We appreciate the reviewer’s constructive feedback and detailed suggestions. The detailed response to your questions/concerns are presented below:
Q1: Additional experiments and discussion about sparse and spatially local attention networks.
A1: Thank you for your constructive suggestion. We followed your feedback and conducted additional experiments on Swin Transformer, with the summarized results provided below. Specifically, we use Swin-T as the base model, which has an initial patch size of 4×4 and hierarchically downsamples the feature map by a final factor of 8 in both width and height during intermediate stages. We scaled it up by reducing the initial patch size to 2×2 and 1×1, while keeping the default downsampling rates unchanged. This scaling strategy closely mirrors the approach we used when handling standard ViT models. As shown in the table, our conclusion also holds for Swin Transformer—smaller patch sizes consistently lead to lower test loss and improved accuracy. In the revision, we will include larger local-attention models such as Swin-S and Swin-B to further support our findings.
| Initial patch size | Inference time | Test loss | Accuracy |
|---|---|---|---|
| 4x4 | 1x | 0.806 | 81.3 |
| 2x2 | 3.9x | 0.734 | 82.0 |
| 1x1 | 15.1x | 0.697 | 82.5 |
Q2: Limitations of input size scaling.
A2: We appreciate your insightful comments on this matter. We would like to explain the motivation behind this set of experiments: in fact, input size scaling and patch size scaling are largely equivalent—they both proportionally change the feature processing granularity and the sequence length of the model. Through these experiments, our goal is simply to show that patch size is a more suitable choice for a standardized direction of scaling, since it does not affect input storage, and input size scaling does not necessarily offer performance advantages over patch size scaling beyond a certain range.
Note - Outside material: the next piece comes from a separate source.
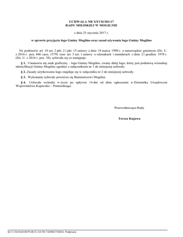 UCHWAŁA NR XXVII/301/17 RADY MIEJSKIEJ W MOGILNIE z dnia 25 stycznia 2017 r. w sprawie przyjęcia logo Gminy Mogilno oraz zasad używania logo Gminy Mogilno Na podstawie art. 18 ust. 2 pkt. 2 i pkt. 15 ustawy z dnia 18 marca 1990 r. o samorządzie gminnym (Dz. U. z 2016 r. poz. 446 i poz. 1579) oraz art. 3 ust. 1 ustawy o odznakach i mundurach z dnia 21 grudnia 1978 r. (Dz. U. z 2016 r. poz. 38), uchwala się co następuje: § 1. Ustanawia się znak graficzny – logo Gminy Mogilno, zwany dalej logo, który jest podstawą wizualnej identyfikacji Gminy Mogilno zgodnie z załącznikiem nr 1 do niniejszej uchwały. § 2. Zasady użytkowania logo znajduje się w załączniku nr 2 do niniejszej uchwały. § 3. Wykonanie uchwały powierza się Burmistrzowi Mogilna. § 4. Uchwała wchodzi w życie po upływie 14 dni od dnia ogłoszenia w Dzienniku Urzędowym Województwa Kujawsko – Pomorskiego. Przewodnicząca Rady Teresa Kujawa Id: C13616A0-0679-4E1C-8A7D-7AD062736024. Podpisany Załącznik Nr 1 do Uchwały Nr XXVII/301/17 Rady Miejskiej w Mogilnie z dnia 25 stycznia 2017 r. Id: C13616A0-0679-4E1C-8A7D-7AD062736024. Podpisany Załącznik Nr 2 do Uchwały Nr XXVII/301/17 Rady Miejskiej w Mogilnie z dnia 25 stycznia 2017 r. Zasady używania logo Gminy Mogilno 1. Logo Gminy Mogilno używają organy i jednostki organizacyjne Gminy Mogilno. 2. Logo mogą używać także inne osoby, w tym przedsiębiorcy i inne jednostki organizacyjne po wcześniejszym uzyskaniu pisemnej zgody Burmistrza Mogilna. 3. Logo może być używane tylko zgodnie ze wzorem graficznym określonym w uchwale. 4. Burmistrz Mogilna może udzielić zgodę na używanie logo w szczególności na wydawnictwach i drukach reklamowych, promocyjnych, stronach internetowych, winietach gazet i czasopism, budynkach, ubiorach, urządzeniach przedmiotach – jeżeli służą promocji Gminy Mogilno. 5. Zabrania się używania logo do działalności sprzecznej z prawem, zasadami współżycia społecznego lub dobrymi obyczajami. 6. Logo może być używane w sposób estetyczny zapewniający poszanowanie jego wizerunku. 7. Warunkiem uzyskania zgody jest złożenie wniosku wraz z opisem sposobu używania logo oraz projektem graficznym sposobu umieszczenia wizerunku logo. 8. Burmistrz Mogilna może cofnąć zgodę na używanie logo, jeżeli logo używane jest niezgodnie z niniejszymi warunkami oraz wskazaniami określonymi przez Burmistrza Mogilna. Burmistrz Mogilna prowadzi rejestr podmiotów używających logo. Id: C13616A0-0679-4E1C-8A7D-7AD062736024. Podpisany UZASADNIENIE DO UCHWAŁY Nr XXVII/301/17 RADY MIEJSKIEJ W MOGILNIE z dnia 25 stycznia 2017 r. w sprawie przyjęcia logo Gminy Mogilno oraz zasad używania logo Gminy Mogilno Na podstawie art. 3 ustawy z dnia 21 grudnia 1978 r. o odznakach mundurach, jednostki samorządu terytorialnego mogą ustanowić, w drodze uchwały organu stanowiącego danej jednostki, własne herby, flagi, emblematy oraz insygnia i inne symbole. Zgodnie z tym przepisem do wyłącznej własności rady gminy należy podejmowanie uchwał w sprawach herbu i innych symboli. Naczelny Sąd Administracyjny w wyroku z dnia 14 lutego 2001 r. sygn. Akt S.A./ Sz. 13499/99 przyznał jednostką samorządu terytorialnego prawo do posługiwania się własnym logo, podkreślając jednocześnie, podejmowanie uchwał w tym przedmiocie stanowi uprawnienia rady, które powinno być realizowane zgodnie z procedurą określoną w przepisach ustawy o odznakach i mundurach oraz ustawy o samorządzie gminnym. Zgodnie z ww. ustawą wzory symboli podlegają opiniowaniu przez Komisję Heraldyczną działającą przy Ministrze Administracji i Cyfryzacji. Zgodnie z wyrokiem WSA z 9 czerwca 2011 r. sygn. Akt IV SA/Po 233/11, jeżeli uchwała organu gminy dotyczy takich kategorii, które nie mają nic wspólnego z heraldyką, leksykologiom, czy tradycją historyczną, to opinia Komisji Heraldycznej nie jest wymagana. Zaproponowany projekt logo Gminy Mogilno jest wyłącznie identyfikującym znakiem graficznym, którego natura jest pokrewna z heraldyką z uwagi na cechy takie jak: lapidarność, wyrazistość, komunikatywność i przyswajalność. Logo nie jest jednak tworzone ani w oparciu o zasady sztuki heraldycznej ani leksykologii, a tym samym nie podlega ocenie Komisji Heraldycznej. Ustanowienie znaku graficznego – logo gminy Mogilno jest jednym z podstawowych elementów promocji Gminy. Id: C13616A0-0679-4E1C-8A7D-7AD062736024. Podpisany

Specifically, we know that increasing the input size within a certain range tends to improve model performance. For example, on ImageNet, using the same model such as DeiT-Base/Patch16, an input resolution of 384×384 achieves noticeably better accuracy compared to 224×224 (e.g., 83.1 vs. 81.8). We believe this improvement basically comes from two sources: 1) the direct benefit of increased computation from scaling up the input; and 2) a higher input resolution reduces the distortion caused by resizing images during preprocessing. To ablate these two effects, we keep a fixed ratio between input size and patch size, which helps maintain a roughly constant computational cost and figure out the impact of the second term. Then our experiment demonstrates that this benefit tends to vanish once the input resolution exceeds the average original image size in the dataset.
We will carefully rephrase the description and analysis of this experiment in the revised version based on your suggestions and comments.
The paper received mixed reviews, with the two of reviewers (DwN7, UjKW) recommending acceptance, and two reviewers (vQ14, KY13) suggesting rejection. The AC has thoroughly examined the submitted materials, including the paper itself, the reviewers’ concerns and the authors’ responses, and has carefully considered all factors in the decision-making process.
To the AC, the main concern is on the limited utility of the patch size scaling law, as the paper shows (in Fig. 4) further scaling the input size beyond original image size is no longer helpful; therefore compared to model size scaling, there is a potential hard limit in this scaling axis, which compromises the promise to further scale. Nevertheless, the work has done a solid exploration along this direction, already adopting an efficient architecture to mitigate the computational concern, and the overall value is deemed outweighing the concerns which are mostly addressed by the responses.
Therefore recommending acceptance. Please incorporate promised changes in the final version.